Questions about sampling.tail.storage_limit configuration

Kibana version: 8.13.3

Elasticsearch version: 8.13.3

APM Server version: 8.13.3

APM Agent language and version: elastic-apm-agent-1.52.1.jar

apm-server.yml

apm-server:
  sampling.tail:
    enabled: true
    interval: 30s
    storage_limit: 100GB
    policies: 
        - sample_rate: .5
          trace.outcome: success
        - sample_rate: 1

path.data: /apm-server

Filesystem                   Size  Used Avail Use% Mounted on
/dev/mapper/centos-root      497G  127G  371G  26% /
tmpfs                         38G     0   38G   0% /run/user/0

[root@xxxxxx xxxxx]# du -sh *
0	apm-server.lock
4.0K	meta.json
87G	tail_sampling

I have three APM Server instances, the APM agent is configured with server_urls to automatically load balance across these three instances. Currently, more than 200 services are connected, and it is possible to connect about a thousand services in the future. Should I adjust the size of sampling.tail.storage_limit? It is currently in the root directory, do I need to adjust it to the data directory? In addition to affecting the disk, what other impacts will increasing this configuration have? Does this configuration have any protective measures, such as setting 100GB, where no more data will be written once it reaches 90GB?

{"log.level":"warn","@timestamp":"2025-02-28T11:40:29.451+0800","log.logger":"sampling","log.origin":{"function":"github.com/elastic/apm-server/x-pack/apm-server/sampling.(*Processor).Run.func7","file.name":"sampling/processor.go","file.line":508},"message":"received error writing sampled trace: configured storage limit reached (current: 90431103187, limit: 90000000000)","service.name":"apm-server","ecs.version":"1.6.0"}

Yes.
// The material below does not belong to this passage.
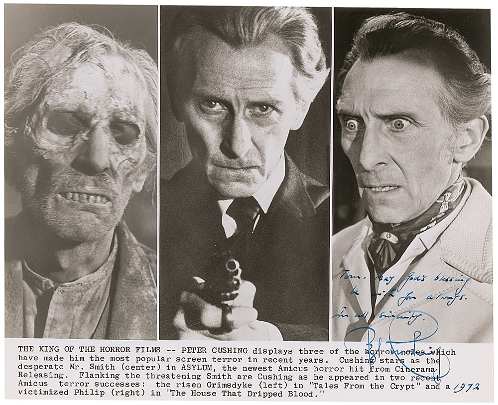 Terrific glossy 9.75 x 8 publicity photo of Cushing as he appeared in three different horror roles, signed and inscribed in fountain pen, “Tom—May God’s blessing be with you always. In all sincerity, Peter Cushing, 1972.” In fine condition, with possibly trimmed edges. Pre-certified PSA/DNA and RR Auction COA.
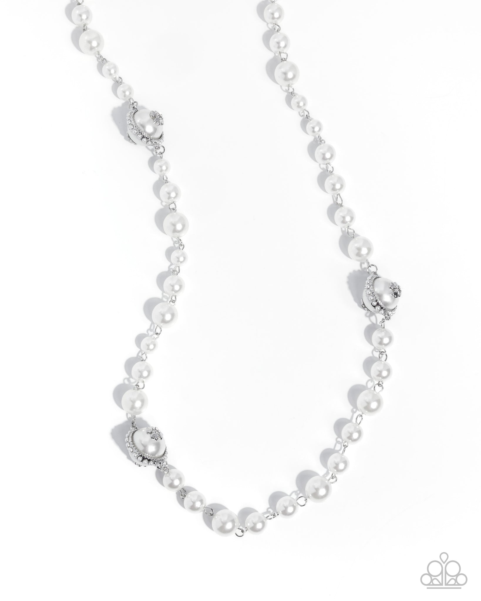 Infused along a classic silver chain, a collection of highly polished, smooth white pearls in varying sizes, some featuring floral centerpieces, additional pearly embellishments, and doubled spheres, extends below the chest for a luminous, ladylike display. Features an adjustable clasp closure.

If the storage limit is reached all traces/transactions will be indexed. For Tail Based Sampling to work correctly the storage limit should not be reached. How much the adjustment should be depends on you use case and data patterns, the goal is not to see the configured storage limit reached error anymore.

Could you clarify what is in the root directory?

Will make Tail Based Sampling functionality correctly sample all traces: as mentioned above once the storage size is reached APM Server will index all the traces/transaction, which in practice work as applying a sampling policy of 1. From 8.17.1 we added a sampling.tail.discard_on_write_failure, default false, config option that allows to customize this behavior.

No, APM Server will use up to the configured value and try not to exceed it. It is expected for this value to be to slightly exceeded due to how storage calculations are performed.

Please note that across 8.x releases we worked on improving the performances and fixing some bugs of Tail Based Sampling feature, so there are benefits waiting you upgrading to the latest 8.x release. For example in 8.14.2 (release notes) and 8.17.1 (release notes). This improvements have positive impacts on high throughput environment, like yours.

Thank you for your reply!
However, due to the large number of services being connected, the throughput of the services was too large, and the CPU, memory, disk IO, and disk space overhead of the APM Server was too large, so I had to abandon tail-based sampling.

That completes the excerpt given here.